Here are some strategies that will help ensure the sustainability of your financial life in retirement.
- Make a date Decide when you want to retire. If you choose to retire earlier than age 65, you’ll have fewer years to save for retirement and more to finance. If you choose to retire after 65, you can opt to enjoy the tax-saving, income-building advantages of your RRSP until the end of the year in which you turn 71 – and you can even extend those benefits after 71 by continuing to pay into an RRSP for your spouse who is younger than 71.
- Design a lifestyle The shape of your retirement will dictate its cost. If you intend to be a homebody, the costs could be lower. If regular travel is part of your retirement design, costs could escalate. If you decide to continue working fulltime, part time or on a contract basis, or even start your own business, even a modest amount of additional employment income can make a difference.
- Add up your income from all sources Your retirement income may come from personal savings, company pensions, your RRSPs, TFSAs and non-registered investments, as well as government sources including the Canada Pension Plan/ Québec Pension Plan (CPP/QPP) and Old Age Security (OAS).
- Add up all the costs Estimate your retirement spending requirements in three categories: essential expenses that can’t be reduced, discretionary expenses that you can control, and the additional costs, such as healthcare, that typically come along with aging. Calculate the income you’ll need to cover your essential and discretionary retirement costs as well as the additional income (or income protection strategies) you’ll need to cover the ‘extra’ expenses of aging.
- Find the gap Calculate the shortfall between your expenses and your income from all sources outside your personal retirement savings.

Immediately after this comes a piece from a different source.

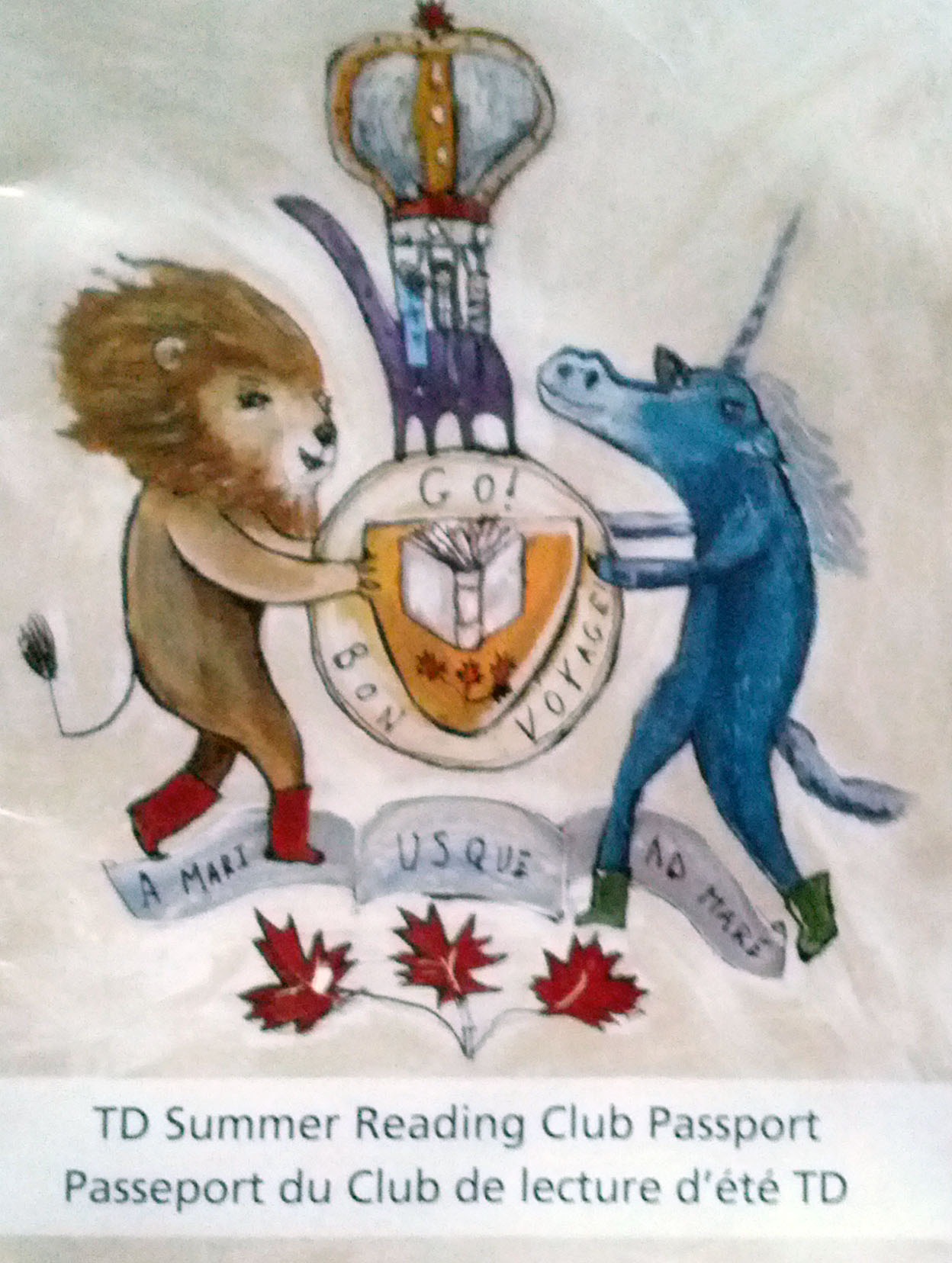 トロントの小学生の夏休みは9週間と長い。その間、本を読んでもらおうと図書館が毎年なんらかのテーマで、子供たちの足を図書館へ引き寄せるようがんばっている。今年(2013)のテーマは「旅」。今年の夏、小学生なら誰もが図書館で「パスポート」がもらえる。本一冊読むたび、図書館員に報告をする。サイコロを転がし、出た数字にそった質問に答える。例えば:「登場人物?」「どんな終わりだったのか?」「良かったところは?」「気に入らなかったところは?」など、その本について語ってもらった後、パスポートに張る大きなシールがもらえる。

- Bridge the gap Establish the level and frequency of income you will need via withdrawals from your registered and other income-producing investments, keeping in mind that your retirement could span 40 years or more.
- Reset your strategy If your expected withdrawal rate is not sustainable based on projected returns from your current savings and investments either reset your registered and non-registered portfolio with the aim of improving returns or reset the scope of your retirement plans.